Wednesday, 17 June 2015

a week of learning

My usual school schedule is teaching something English-related between 7:30-9:30, rotating between the classes throughout the week. Mondays are a little different – I work with kindy and 1st grade, both classes that don’t speak Bislama (much less English) so we throw that out the window and play games, make musical instruments and bang on them, and do arts and crafts. This is always fun because, frankly, teaching English isn’t my forte and I enjoy playing games, making musical instruments and banging on them, and doing arts and crafts as much as any other kid! Mondays are no doubt made possible because of the class teacher, serving as the Bislama/local language translator and my partner in managing wild little kiddies. One Saturday in May, the class 1 teacher Mrs. Aru was informed that the next day she’d be hopping a boat over to West Ambae for a workshop. I offered to look after her class for the week, clearly having no idea what that entailed. 

It was a very long week! I’ve already expressed on here my deep gratitude for teachers. What an exhausting profession, successful only with a certain type of both patience and passion. And the understanding that your work, serving as a foundation, may or may not be effective, and the fruits of your labor won’t fully flourish until long after that school year has ended and another (and another and then another) flock arrives. Teachers know the balance of the classroom: each student has his or her individual needs that deserve unique attention while the class as a unit needs its flow through the lessons. Its richest rewards are internal as you see the changes in the students that you know intimately through daily challenges and failures and successes. These are all qualities I can’t help but sincerely admire, and these are all qualities I have to admit I don’t necessarily have. Which is okay! I love children and I enjoy teaching and sharing, but I am not a school teacher. I never really thought I was, but now it has been tested and can be confirmed. Which means I’m something else – I’ll have to figure that out at some point or another! 

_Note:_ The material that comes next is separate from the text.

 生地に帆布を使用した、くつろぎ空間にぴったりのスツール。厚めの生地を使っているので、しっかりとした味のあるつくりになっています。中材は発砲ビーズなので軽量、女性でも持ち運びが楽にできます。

Class 1 is taught in local language, so my Bislama is only faintly familiar to them. This just doesn’t make sense to first graders. In fact, my mama taught me the phrase “I don’t understand local language” in local language because kids would just blabber to me, tattle-taling or just rambling about first grader topics, and I wouldn’t understand a lick of it. Usually I’d just respond in gibberish and laugh with them at our mutual confusion. Teaching is hard, but trying to teach students who you don’t share a language with you is a challenge. A challenge you must get creative with! We spent the week drawing and coloring lots of things, singing songs and playing games. We started each day with yoga, meowing and mooing during cat/cow and naming trees of Ambae while wobbling in tree pose. 

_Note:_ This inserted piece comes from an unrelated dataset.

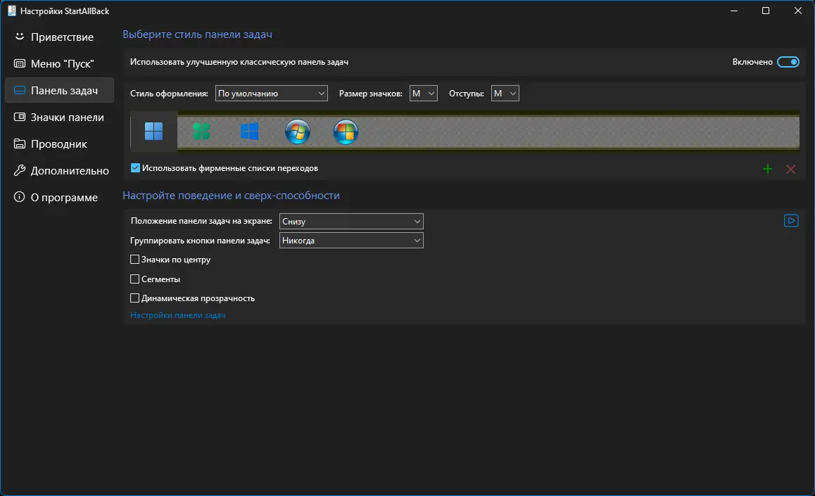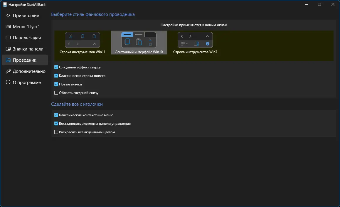 Работа с StartAllBack

We sat around and told plenty of kastom stories — “we” really meaning “them” because I’m clueless to the language, but still equally entertained by their dramatic storytelling. The first student Braunia said “dom dom,” which I thought was the title, and then everyone responded with a phrase. It happened again when Flexson started the second story. I interrupted, oblivious to how little I knew, and said that Braunia has already shared that story, choose another. Flexson looked at me in confusion and again said “dom dom” and so it went again and again. After class I told my parents how the kids kept telling the same kastom story called “dom dom” and they cracked up. Turns out “dom dom” is what the leader sings out, asking permission to tell a story. Only when everyone responds with “sige gom gale” you can begin. Ha! I can only imagine what the students thought of this tuturani telling them they were the crazy ones.. 

One day I arrived to a room full of argument and, with my mama’s help, discovered someone hit someone who had kicked someone who had yelled at someone who had teased someone etc. We had a whole sorry chain going and spent the morning doing a sunshine circle, an activity I learned during an alternative spring break where you pass on a compliment (aka sunshine) to the person next to you. 

nap time
And when all else failed, we took naps. Lots of whispers and giggles at first, your classic naptime behavior, but eventually everyone surrenders to the mat and enjoys a good rest. Including Miss Alison! It brought me back to my own kindergarten naptime where we got to choose our teddy bear and lay out on those silly cots. And I hadn’t thought about those rolled up pads we used in preschool (and the pattern of my own, lambs in a meadow) which I can’t remember ever thinking about before now. It’s lovely how the strange situations we find ourselves in evoke the most distant of memories to show back up in the confines of our headspaces. The past year and a half have been filled with times like this and I’ve come to relish in the trails my brain wanders down. Jessie Rae pointed out once that both of us love reminiscing. I can’t believe it took so long for me to come to this realization! I love thinking about good times, basking in the laughs and smiles that accompany them. Spending so much time here in my own company has allowed me to venture deep in nostalgia and because of this, has reminded me how lucky I am to have so many good memories to linger on, while creating a whole new set of ones to return back to in the future. The continuous cycle of life pleasures sustains itself. What a beautiful thing!  The week of class 1 ended up being a great time, but I think I did more learning than the class did.